A group of researchers from MIT and IBM has developed and released a new vision dataset called ObjectNet, which causes 40-45% of accuracy drop of object detectors.
The new dataset is in fact, a different dataset from the ones commonly encountered in the machine learning community. ObjectNet is a test dataset that is built with the purpose of challenging vision systems and specifically object detectors.
In the paper that describes the dataset, researchers mention that their goal was to develop a dataset that will ensure that models cannot exploit trivial correlations in the data. For this reason, they created ObjectNet – a large-scale, real-world dataset of images, where object backgrounds, rotations, and viewpoints are random.
Researchers first developed a highly automated platform that allows for data gathering with controls by crowdsourcing image capturing and annotation. Using this platform, they collected a final dataset of 50 000 images, which is the same size as the ImageNet test set. The similarity with ImageNet comes only in the number of images, whereas the new dataset largely differs from ImageNet in two other ways: it is easier in the sense of having mostly centered and unoccluded objects and it is harder than ImageNet due to the controls of backgrounds, rotations, and viewpoints.

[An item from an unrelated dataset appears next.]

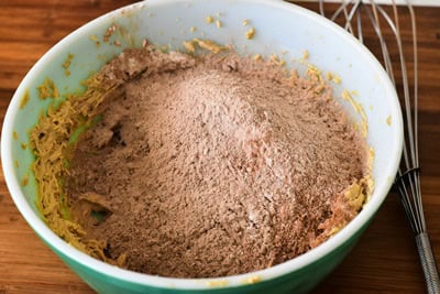 Ajoutez progressivement le mélange farine-cacao-levure aux ingrédients liquides en utilisant une spatule (Maryse).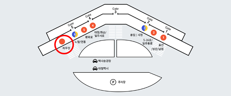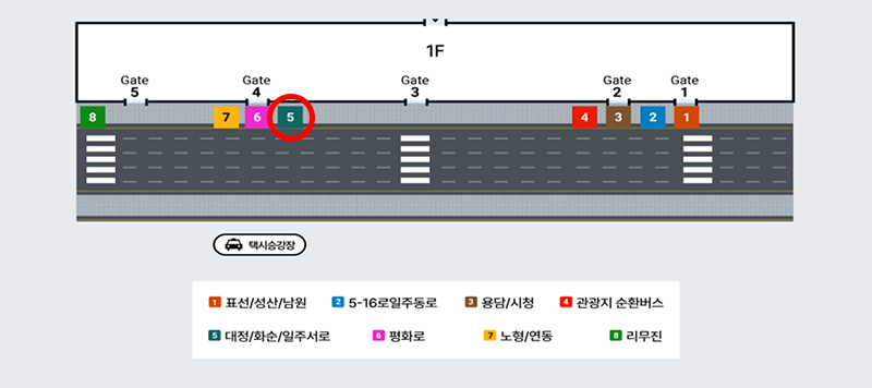 [600번 & 601번] GATE 5번 출구, 우측방향 공항 리무진 버스 승차장 |

ObjectNet has 313 classes out of which it shares 113 with the ImageNet class set. Researchers conducted various experiments to prove their hypothesis that large machine learning datasets lack controls and therefore models cannot generalize well. They showed that current object detection methods exhibit 40-45% of performance drop on ObjectNet as compared to other benchmark datasets.
The dataset can be obtained by applying here and will soon be freely available for download. More details about the data collection process, the dataset statistics, and the evaluations can be found in the paper.